Kuru düşürmek için 128 milyar dolar heba edildi. İktidar kanadı Merkez Bankası rezervlerinin artıda olduğunda ısrarlı. Bu ne kadar gerçekçi?
Türkiye’de, bilhassa son yıllarda, artan ekonomik problemler, vatandaşı finansal kavramlar ve temel hesaplamalar konusunda uzman yaptı. Bu açıdan baktığımızda, sanırım finansal okuryazarlığı en yüksek toplum haline geldik. Hangi ülkede ortalama bir vatandaş swap süreçlerini günlük sohbetlerine bahis eder? Bizde ediyor. Artık durum bu olunca, siz istediğiniz kadar “Bizim rezervlerimiz şu kadar” diye açıklama yapın. Vatandaş anında o söylem ettiğiniz sayının ayrıntılarına bakıyor ve durumun hiç de o denli olmadığını görüyor. Sizin olan ile sizin olmayan ortasındaki fark net durumunuzu gösterir. 15 Ekim tarihi prestijiyle 125.7 milyar dolar olarak açıklanan brüt rezervden 161.6 milyar dolan olan yükümlülüğü çıkardığımızda, net rezervin eksi 35.9 milyar dolar olduğunu görüyoruz.
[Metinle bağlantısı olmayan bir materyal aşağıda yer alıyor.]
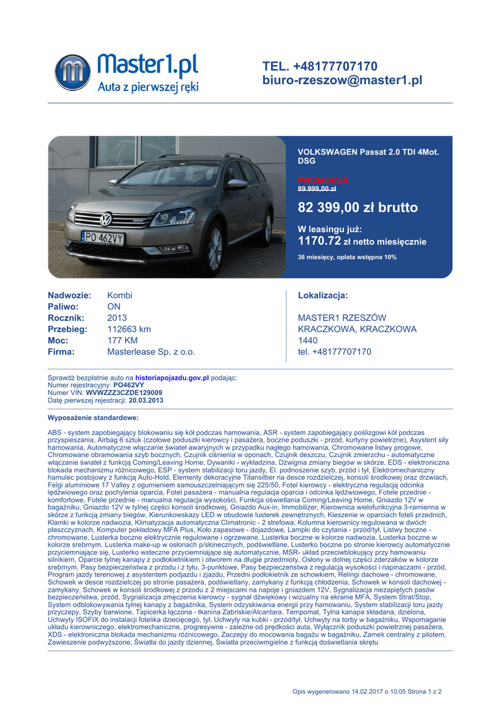 TEL. +48177707170 [email protected] VOLKSWAGEN Passat 2.0 TDI 4Mot. DSG PROMOCJA 89 999,00 zł 82 399,00 zł brutto W leasingu już: 1170.72 zł netto miesięcznie 36 miesięcy, opłata wstępna 10% Nadwozie: Paliwo: Rocznik: Przebieg: Moc: Firma: Kombi ON 2013 112663 km 177 KM Masterlease Sp. z o.o. Lokalizacja: MASTER1 RZESZÓW KRACZKOWA, KRACZKOWA 1440 tel. +48177707170 Sprawdź bezpłatnie auto na historiapojazdu.gov.pl podając: Numer rejestracyjny: PO462VY Numer VIN: WVWZZZ3CZDE129009 Datę pierwszej rejestracji: 20.03.2013 Wyposażenie standardowe: ABS - system zapobiegający blokowaniu się kół podczas hamowania, ASR - system zapobiegający poślizgowi kół podczas przyspieszania, Airbag 6 sztuk (czołowe poduszki kierowcy i pasażera, boczne poduszki - przód, kurtyny powietrzne), Asystent siły hamowania, Automatyczne włączanie świateł awaryjnych w przypadku nagłego hamowania, Chromowane listwy progowe, Chromowane obramowania szyb bocznych, Czujnik ciśnienia w oponach, Czujnik deszczu, Czujnik zmierzchu - automatyczne włączanie świateł z funkcją Coming/Leaving Home, Dywaniki - wykładzina, Dźwignia zmiany biegów w skórze, EDS - elektroniczna blokada mechanizmu różnicowego, ESP - system stabilizacji toru jazdy, El. podnoszenie szyb, przód i tył, Elektromechaniczny hamulec postojowy z funkcją Auto-Hold, Elementy dekoracyjne Titansilber na desce rozdzielczej, konsoli środkowej oraz drzwiach, Felgi aluminiowe 17 Valley z ogumieniem samouszczelniającym się 225/50, Fotel kierowcy - elektryczna regulacją odcinka lędźwiowego oraz pochylenia oparcia, Fotel pasażera - manualna regulacja oparcia i odcinka lędźwiowego, Fotele przednie komfortowe, Fotele przednie - manualna regulacja wysokości, Funkcja oświetlania Coming/Leaving Home, Gniazdo 12V w bagażniku, Gniazdo 12V w tylnej części konsoli środkowej, Gniazdo Aux-in, Immobilizer, Kierownica wielofunkcyjna 3-ramienna w skórze z funkcją zmiany biegów, Kierunkowskazy LED w obudowie lusterek zewnętrznych, Kieszenie w oparciach foteli przednich, Klamki w kolorze nadwozia, Klimatyzacja automatyczna Climatronic - 2 strefowa, Kolumna kierownicy regulowana w dwóch płaszczyznach, Komputer pokładowy MFA Plus, Koło zapasowe - dojazdowe, Lampki do czytania - przód/tył, Listwy boczne chromowane, Lusterka boczne elektrycznie regulowane i ogrzewane, Lusterka boczne w kolorze nadwozia, Lusterka boczne w kolorze srebrnym, Lusterka make-up w osłonach p/słonecznych, podświetlane, Lusterko boczne po stronie kierowcy automatycznie przyciemniające się, Lusterko wsteczne przyciemniające się automatycznie, MSR- układ przeciwblokujący przy hamowaniu silnikiem, Oparcie tylnej kanapy z podłokietnikiem i otworem na długie przedmioty, Osłony w dolnej części zderzaków w kolorze srebrnym, Pasy bezpieczeństwa z przodu i z tyłu, 3-punktowe, Pasy bezpieczeństwa z regulacją wysokości i napinaczami - przód, Program jazdy terenowej z asystentem podjazdu i zjazdu, Przedni podłokietnik ze schowkiem, Relingi dachowe - chromowane, Schowek w desce rozdzielczej po stronie pasażera, podświetlany, zamykany z funkcją chłodzenia, Schowek w konsoli dachowej zamykany, Schowek w konsoli środkowej z przodu z 2 miejscami na napoje i gniazdem 12V, Sygnalizacja niezapiętych pasów bezpieczeństwa, przód, Sygnalizacja zmęczenia kierowcy - sygnał dźwiękowy i wizualny na ekranie MFA, System Strat/Stop, System odblokowywania tylnej kanapy z bagażnika, System odzyskiwania energii przy hamowaniu, System stabilizacji toru jazdy przyczepy, Szyby barwione, Tapicerka łączona - tkanina Zabriskie/Alcantara, Tempomat, Tylna kanapa składana, dzielona, Uchwyty ISOFIX do instalacji fotelika dziecięcego, tył, Uchwyty na kubki - przód/tył, Uchwyty na torby w bagażniku, Wspomaganie układu kierowniczego, elektromechaniczne, progresywne - zależne od prędkości auta, Wyłącznik poduszki powietrznej pasażera, XDS - elektroniczna blokada mechanizmu różnicowego, Zaczepy do mocowania bagażu w bagażniku, Zamek centralny z pilotem, Zawieszenie podwyższone, Światła do jazdy dziennej, Światła przeciwmgielne z funkcją doświetlania skrętu Opis wygenerowano 14.02.2017 o 10:05 Strona 1 z 2 Wyposażenie dealerskie: Alarm z niezależnym zasilaniem, f. dozoru wnętrza i czujnikiem przechyłu, Lakier metalik, Lampy Bi-ksenonowe z funkcją dośw. zakrętów i spryskiwaczami + światła dzienne LED + tylne lampy LED, Pakiet Business, Pakiet Lusterka, Pakiet zimowy 1, System nawigacji satelitarnej RNS 510 , pakiet Master1 to punkt sprzedaży samochodów Masterlease, pierwszego właściciela. Wszystkie auta zostały zakupione w polskim salonie, posiadają wycenę rzeczoznawcy, były regularnie serwisowane podczas użytkowania i posiadają udokumentowaną historię zdarzeń serwisowych. W Master1.pl znajdziecie Państwo szeroki wachlarz ubezpieczeń komunikacyjnych. Nasza oferta skierowana jest zarówno do klientów indywidualnych jak i firm. Wszelkich formalności można dokonać na miejscu. Opis wygenerowano 14.02.2017 o 10:05 Strona 2 z 2

Merkez Bankası Lideri (TCMB), Meclis komitesinde yaptığı sunumda “Kurlardaki yükseliş ile bizim faiz indirme kararımız ortasında bir alaka yoktur” açıklaması yaptı. Bu açıklamalar ne kadar gerçekçi, yeni bir faiz indirimi bekliyor musunuz?
Bunun gerçek olmadığı geçen hafta Merkez’nin almış olduğu faiz indirimi kararı sonrası kurlarda yaşanan sıçramada gördük. 200 baz puanlık indirim sonrası anında 9.50’ye kadar çıkan kurlar buradan da yükselmeye devam etti. Madem faiz ve kur artışı ortasında bir münasebet yoktur, o vakit neden 128 milyar dolar sattılar?
Temel sorun berbat idare
Türkiye iktisadının en can yakıcı sıkıntıları neler? Tahlil için neler öneriyorsunuz?
Türkiye’nin temel sorunu makûs yönetiliyor olması. Cumhurbaşkanlığı hükümet sistemi ismini verdikleri ve tüm yetkinin bir şahısta toplandığı, kurumların fonksiyonsuz hale geldiği, kuralların bağlayıcılığının olmadığı, bir kişinin hayatın her alanına ait istediği üzere kararlar alabildiği bu sistem, öbür alanlarda olduğu üzere iktisatta de çok makus sonuçların ortaya çıkmasına yol açıyor. Ekonomik manada en değerli ve giderek artan meselemiz yoksullaşmadır. Bilhassa kurların artmasıyla birlikte artan enflasyon, bu fakirleşmeyi derinleştiriyor. Çalışanlar karınlarını doyuracak bir gelire bile sahip değiller. Fakat maalesef, üzülerek görüyoruz ki “rekabetçi kur politikası” dedikleri yaklaşımla çalışanların gerçek manada daha da fakirleştirilmesi üzerinde kurgulanmış bir politikayı benimsemiş görünüyorlar.”